Estos teóricos contribuyeron a la conformación de una corriente de pensamiento y acción política muy ligada al zapatismo, con ramificaciones en los movimientos por la reforma agraria en Brasil y en algunos emprendimientos autónomos de trabajadores desocupados en la Argentina. Uno de los problemas principales que tiene esta perspectiva es que no diferencia el espacio territorial nacional-estatal como lugar específico de disputa a escala global de la lógica de dominación estatal al interior de tal espacio. La consecuencia es que subestima las luchas que se pueden desarrollar dentro de los límites de los espacios jurídico-territoriales de los Estados realmente existentes y las formas de materialización de conquistas populares en la trama estatal.

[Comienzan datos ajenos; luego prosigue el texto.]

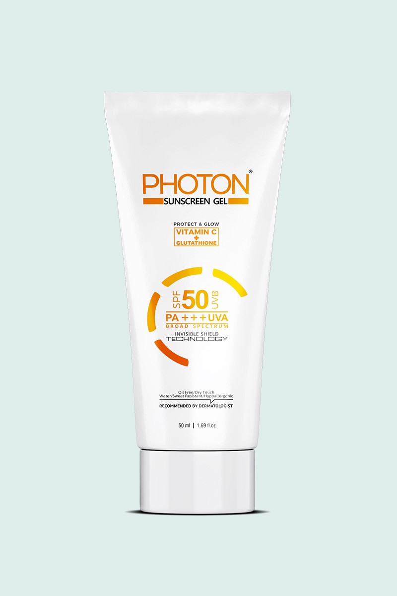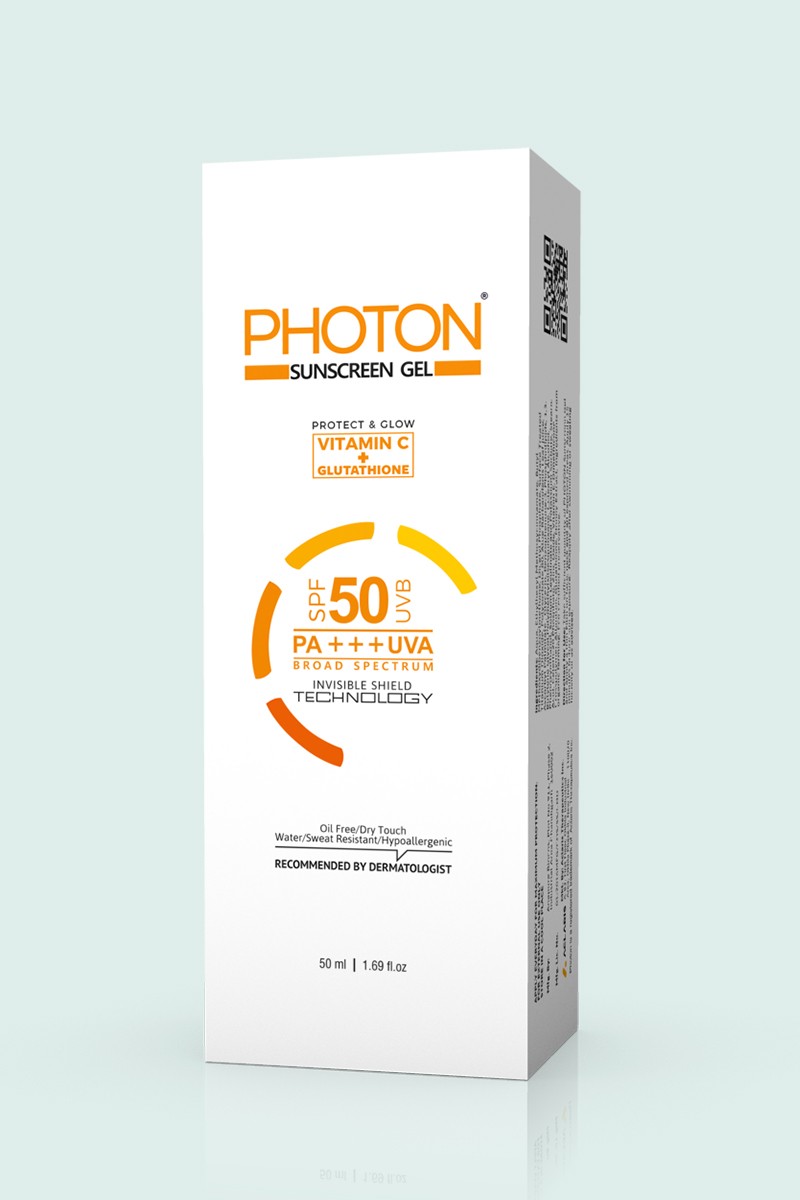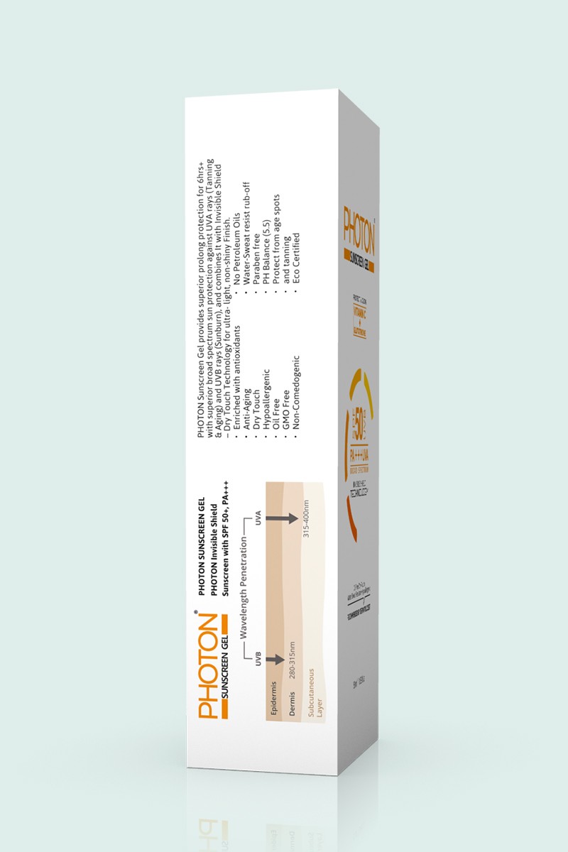 PHOTON SUNSCREEN GEL- A sunscreen enriched with powerful antioxidants and INVISIBLE SHIELD TECHNOLOGY. It protects from UVA and UVB radiations which are responsible for ageing and sunburn respectively.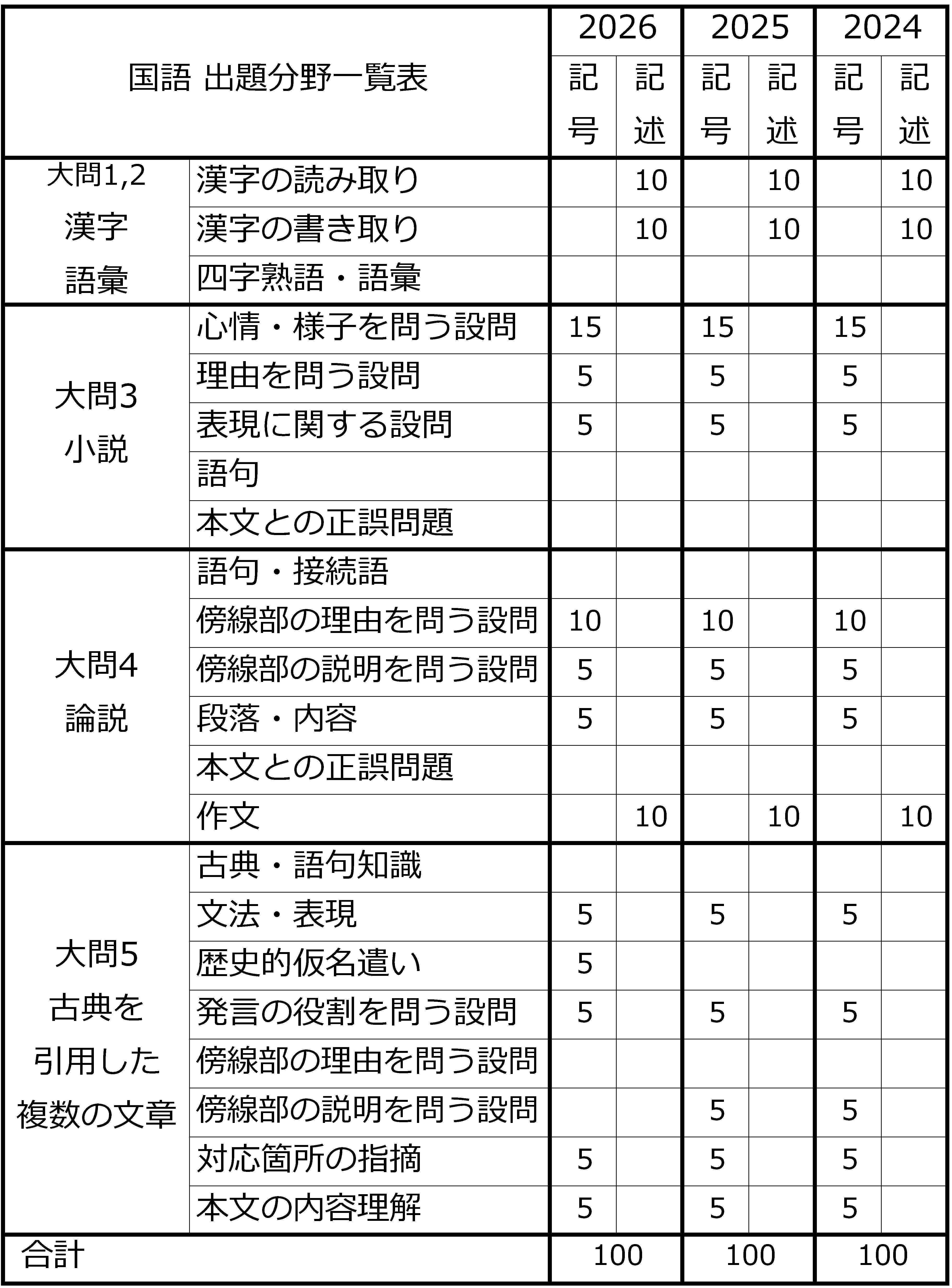 例年と同様、大問5題、小問25題の構成で、記述型の設問は漢字と200字作文のみでした。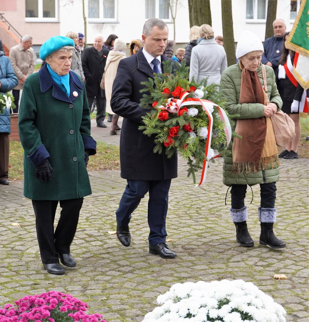 Następnie przedstawiciele lokalnego samorządu, Rady Miejskiej, jednostek organizacyjnych, organizacji pozarządowych, żołnierzy z 21. Centralnego Poligonu Lotniczego w Nadarzycach i mieszkańcy złożyli wiązanki kwiatów przed obeliskiem ofiar totalitaryzmu przy Urzędzie Miejskim. Tę część obchodów uświetnił patriotyczny spektakl słowno – muzyczny przygotowany przez dyrektora – panią Annę Gałązkę i pracowników Miejskiej Biblioteki Publicznej. Utwory poetyckie i pieśni patriotyczne wprowadziły wszystkich zgromadzonych w patriotyczny i podniosły nastrój.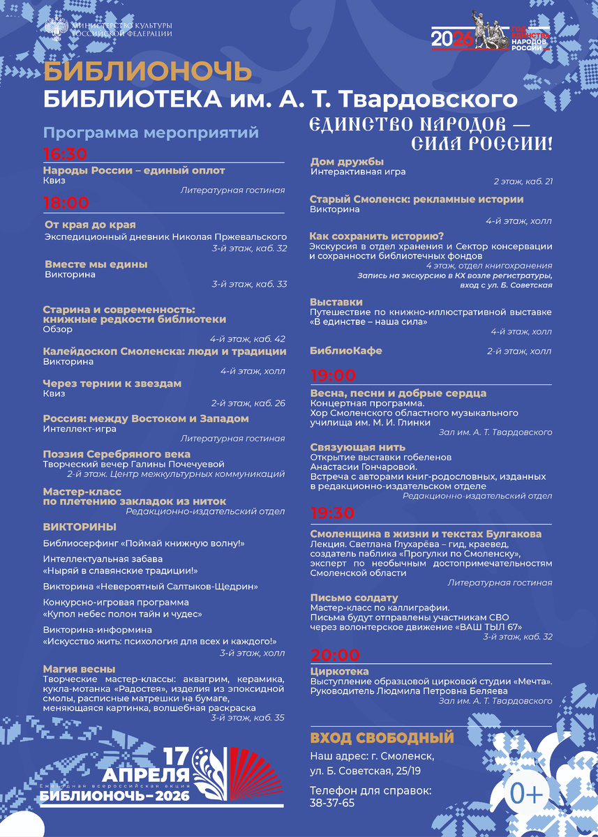17 апреля областная библиотека им. Александра Твардовского приглашает на Библионочь «Единство народов – сила России»! В программе: увлекательные экскурсии в книгохранилище и в редкий фонд, литературно-музыкальный вечер о поэтах Серебряного века, лекция о Михаиле Булгакове, встреча с авторами книг-родословных, мастер-классы, выставки, викторины и конкурсы, концертная программа, циркотека и многое другое. Приходите всей семьей! Будет интересно! Телефон для справок 32-67-65.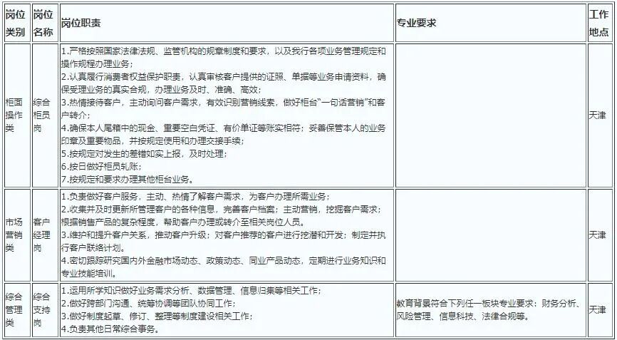 (一天津注册公司流程)综合营销岗。主要从事客户服务、柜面服务及业务营销等工作。新员工入职后,先在基层网点柜员等岗位进行培养锻炼,根据个人表现及工作需要,聘任至营业网点或其他机构相关岗位。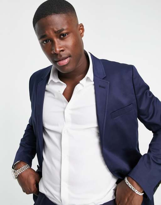 Americana azul marino entallada de algodón de ASOS DESIGN Wedding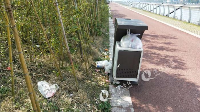 请昆仑街道领导安排环卫工人清理一下,泓口大桥西侧垃圾桶里的垃圾堆的满满的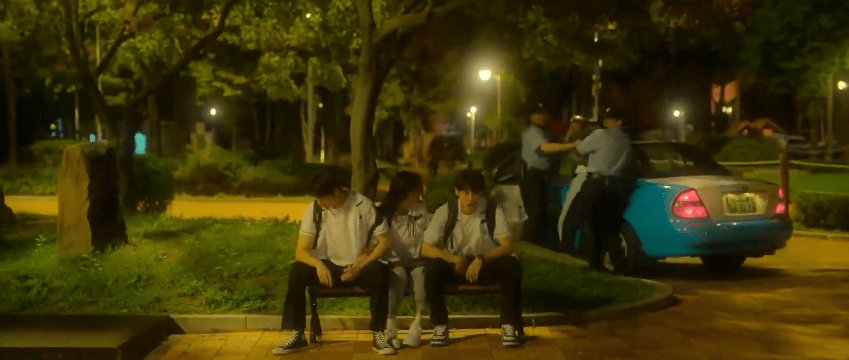 After the fun trip, Bo-ra hangs out at an arcade, but she’s suddenly pulled into another direction upon learning that there’s a fight nearby. So with a bunch of classmates, she rushes over to where the fight is only to discover that it involves Hyun-jin and Woon-ho. She swoops in with her taekwondo skills to beat up the gang and the three run away together, hand in hand, to escape. Eventually, they manage to successfully do so thanks to some police officers who are busy arresting a drunk man nearby. The gang runs away to avoid trouble from the officers and our trio is safe for now. Upon sitting down on the bench, Bo-ra notices Woon-ho still holding her hand and she jumps up in shock. She’s so full of adrenaline that she doesn’t even feel the pain from her sprained ankle. Oh nooo.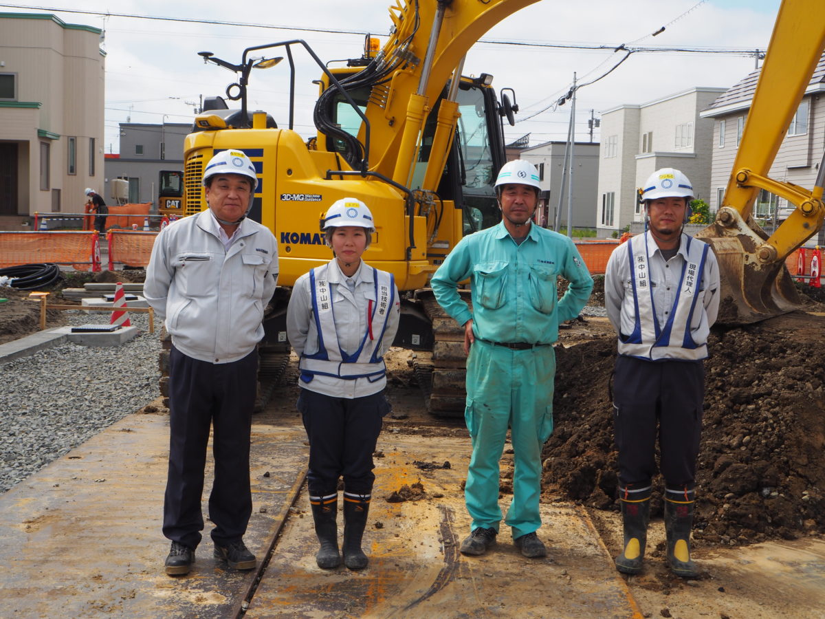 続いてお邪魔したのは「篠路駅西通道路改良」の現場です。こちらの現場では、篠路駅周辺の慢性的な交通混雑を改善するため、篠路駅へと続く道路の新設工事と既設道路の拡幅工事が行われています。通行止めにして日中時間帯の施工が可能なため、施工が夜間に及ぶことはありませんが、住宅街での施工ならではの制約もあり、朝は9時から夕方17時と施工できる時間が決められていることや、騒音などにも配慮しながら施工を進めていきます。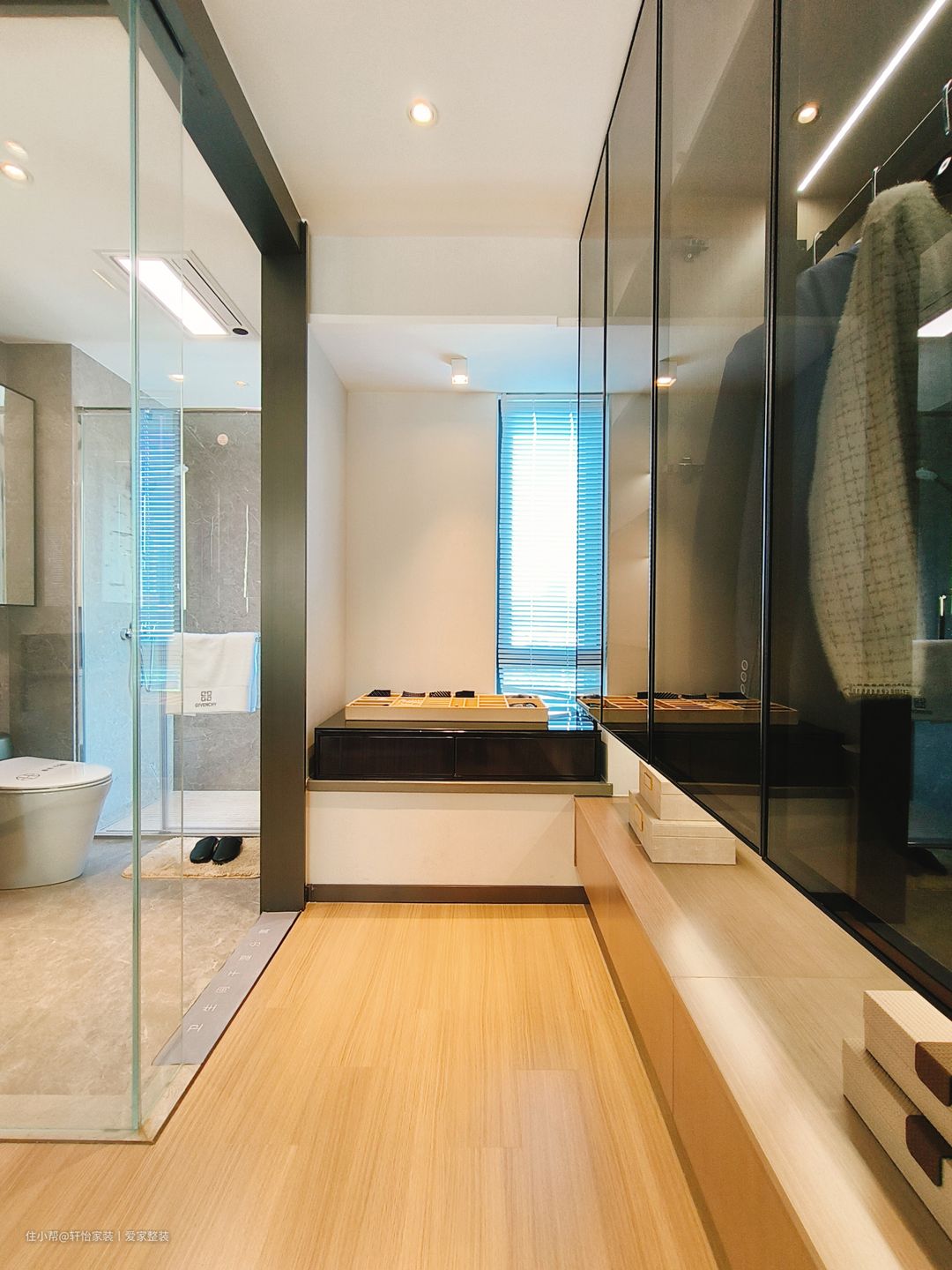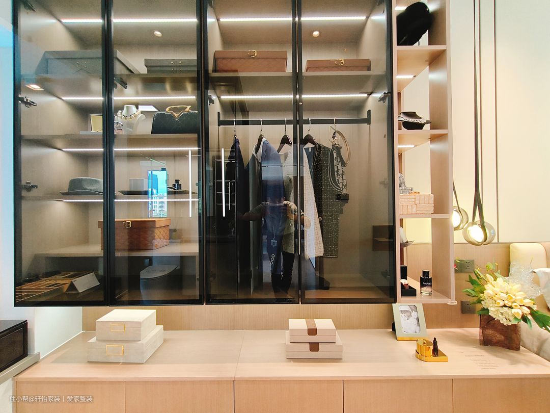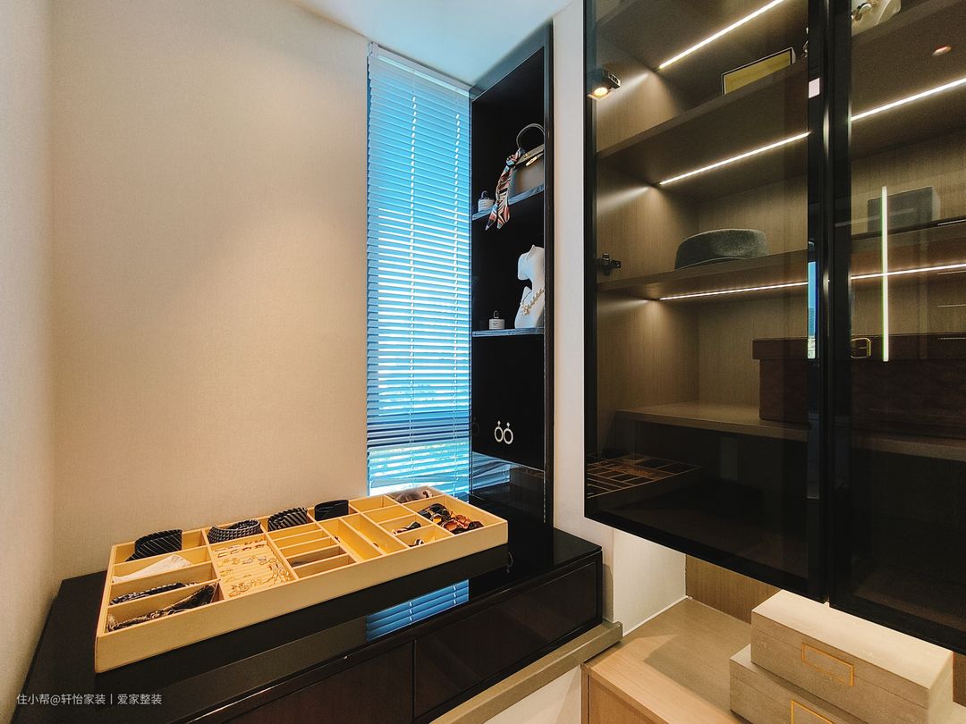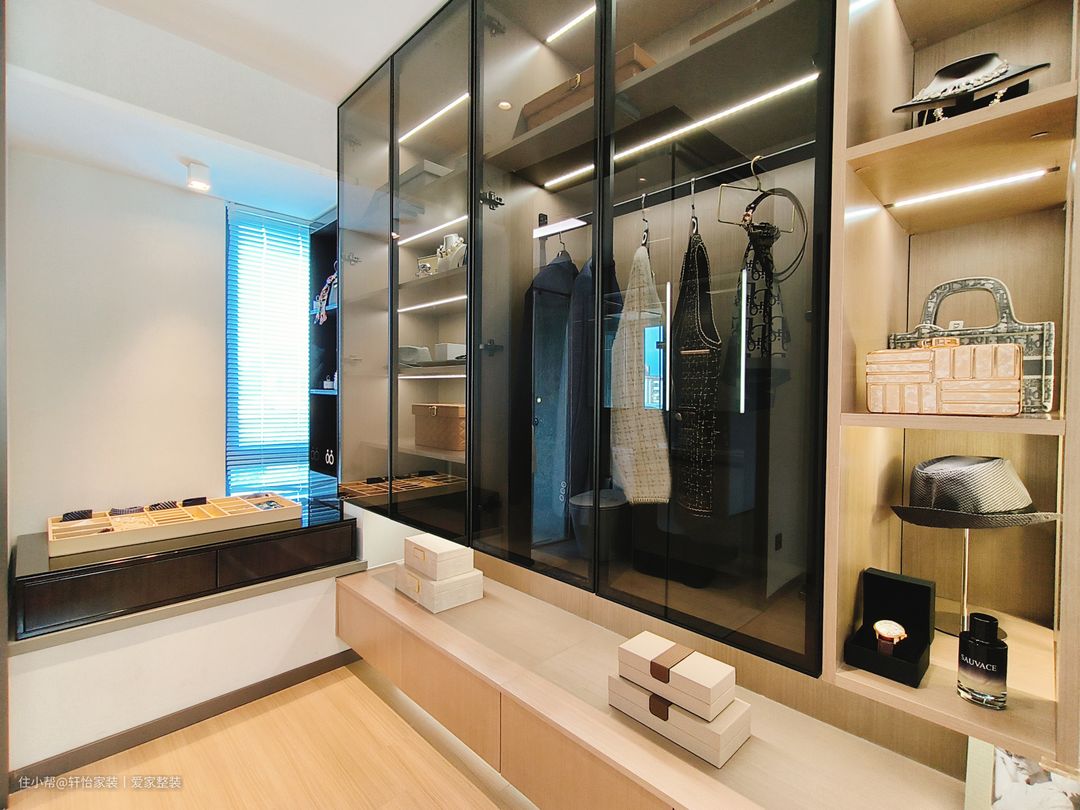 主卧的空间比较大,步入卧室的左侧是衣帽间的设计,屋主衣服比较多,所以就打造成U型的衣帽间来使用,全屋定制的黑色玻璃衣帽间玻璃设计+开放式的原木置物架,起到了空间最大化利用,内部更是规划了悬挂区和叠放区,搭配的隐形式的柜门把手,高级感满满!

El posneoliberalismo en América Latina

Nuevos gobiernos, ¿nuevos Estados?

Así se llega al 2000 con un amplio conglomerado de movimientos que expresan el descontento y que logran cuajar en diversas expresiones de gobierno. El cuestionamiento al neoliberalismo y a las nefastas consecuencias de estas políticas en la región deriva en el surgimiento de gobiernos que, en conjunto y al margen de sus notables matices, pueden llamarse “pos-neoliberales” y que expresan correlaciones de fuerza sociales más favorables al acotamiento del poder del capital global. En todos estos casos comienza a cuestionarse la “bondad del mercado” como único asignador de recursos y se recuperan resortes estatales para la construcción política sustantiva. Se conjuga así una retórica crítica frente a las políticas neoliberales, el diseño de propuestas para transformar los sistemas políticos en democracias participativas y directas y una mayor presencia estatal en sectores estratégicos.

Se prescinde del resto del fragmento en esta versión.